BKL: The Big Kernel Lock

Welcome to the redheaded stepchild of the kernel. The Big Kernel Lock (BKL) is a global spin lock that was created to ease the transition from Linux's original SMP implementation to fine-grained locking. The BKL has some interesting properties:

You can sleep while holding the BKL. The lock is automatically dropped when the task is unscheduled and reacquired when the task is rescheduled. Of course, this does not mean it is always safe to sleep while holding the BKL, merely that you can and you will not deadlock.
The BKL is a recursive lock. A single process can acquire the lock multiple times and not deadlock, as it would with a spin lock.
You can use the BKL only in process context.
It is evil.

These features helped ease the transition from kernel version 2.0 to 2.2. When SMP support was introduced in kernel version 2.0, only one task could be in the kernel at a time. (Of course, now the kernel is quite finely threadedwe have come a long way.) A goal of 2.2 was to allow multiple processors to execute in the kernel concurrently. The BKL was introduced to help ease the transition to finer grained locking. It was a great aide then; now it is a scalability burden^[5].

^[5] It may not be as terrible as some make it out to besome people believe it to be the kernel incarnation of the devil.

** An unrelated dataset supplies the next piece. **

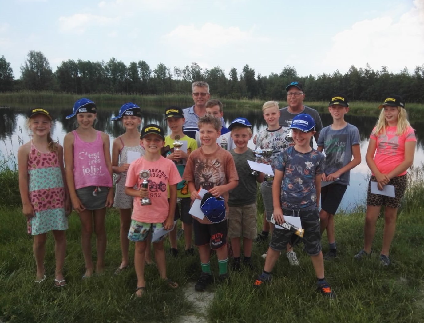 Groepsfoto, deelnemers Jeugdwedstrijd, Lindewijk

Use of the BKL is discouraged. In fact, new code should never introduce locking that uses the BKL. The lock is still fairly well used in parts of the kernel, however. Therefore, understanding the BKL and its interfaces is important. The BKL behaves like a spin lock, with the additions previously discussed. The function lock_kernel() acquires the lock and the function unlock_kernel() releases the lock. A single thread of execution may acquire the lock recursively, but must then call unlock_kernel() an equal number of times to release the lock. On the last unlock call the lock will be released. The function kernel_locked() returns nonzero if the lock is currently held; otherwise, it returns zero. These interfaces are declared in <linux/smp_lock.h>. Here is sample usage:

lock_kernel();

/*
 * Critical section, synchronized against all other BKL users...
 * Note, you can safely sleep here and the lock will be transparently
 * released. When you reschedule, the lock will be transparently
 * reacquired. This implies you will not deadlock, but you still do
 * not want to sleep if you need the lock to protect data here!
 */

unlock_kernel();

The BKL also disables kernel preemption while it is held. On UP kernels, the BKL code does not actually perform any physical locking. Table 9.8 has a complete list of the BKL functions.

Table 9.8. List of BKL functions
Function
Description
lock_kernel()
Acquires the BKL
unlock_kernel()
Releases the BKL
kernel_locked()
Returns nonzero if the lock is held and zero otherwise (UP always returns nonzero)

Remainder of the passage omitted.